No vax, no pass, no science

Per contrastare la diffusione di atteggiamenti antiscientifici è necessario agire sul piano culturale per fare comprendere meglio cosa sia la scienza: sembra strano, ma pochi lo sanno.

Silvano Fuso

Il Green pass è stato definito perfino una “fascistata arcaica”. Toni simili si sono ripetutamente sentiti nelle varie manifestazioni di piazza contro il recente provvedimento del Governo che entrerà in vigore il 6 agosto. Addirittura sono stati fatti paragoni tra le limitazioni imposte a chi non è vaccinato e le leggi razziali ai danni degli ebrei. Paragoni che hanno fatto giustamente indignare la Senatrice Liliana Segre e l’intera Comunità ebraica.

Sono stati abbondanti gli slogan del tipo: “Meglio morire da liberi che vivere da schiavi”, “Mascherine, vaccini e repressione: questa la vostra liberazione” e l’immancabile accusa di “Dittatura sanitaria”.

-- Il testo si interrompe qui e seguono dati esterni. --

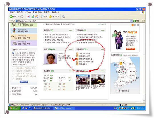 어제도 변함없이 봉사활동 실적을 입력하고 난 후 무심코 VMS의 메인화면을 봤더니 우리 인증센터가 3위에 랭크되었습니다.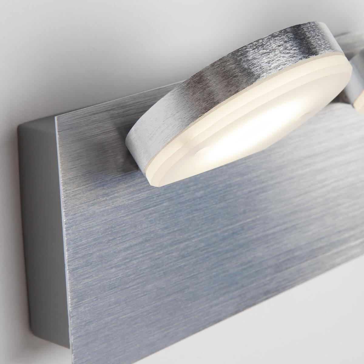 Настенный светильник Eurosvet 20004/2 алюминий от Российского бренда Eurosvet из коллекции Cover предназначен для установки в кафе и ресторанах на стену в хай-тек стиле. Спот с металлической арматурой серебрянного цвета и серебрянного цвета плафонами из металла, формы круга предназначен для освещения 3 м2.

Al di là delle strumentalizzazioni politiche che hanno molto caratterizzato queste manifestazioni e l’eccessivo spazio mediatico che sicuramente è stato loro concesso (per fortuna si tratta di un’esigua minoranza nel paese, anche se rumorosa) può essere utile cercare di comprendere che cosa le animi.

I no vax e i no pass (e bene tenere distinte le categorie che non necessariamente coincidono) sono caratterizzati da una profonda diffidenza e ostilità nei confronti delle istituzioni. Si tratta di movimenti che si presentano come antagonisti nei confronti di ciò che essi identificano con il potere. Potere che, a loro parere, è rappresentato non solo dagli organi dello Stato, ma anche dalla classe medica, dalle industrie farmaceutiche e, in generale, dalla scienza. Tra i vari slogan apparsi nelle manifestazioni ve n’è stato uno particolarmente significativo in tal senso che affermava “Io sono il medico di me stesso”.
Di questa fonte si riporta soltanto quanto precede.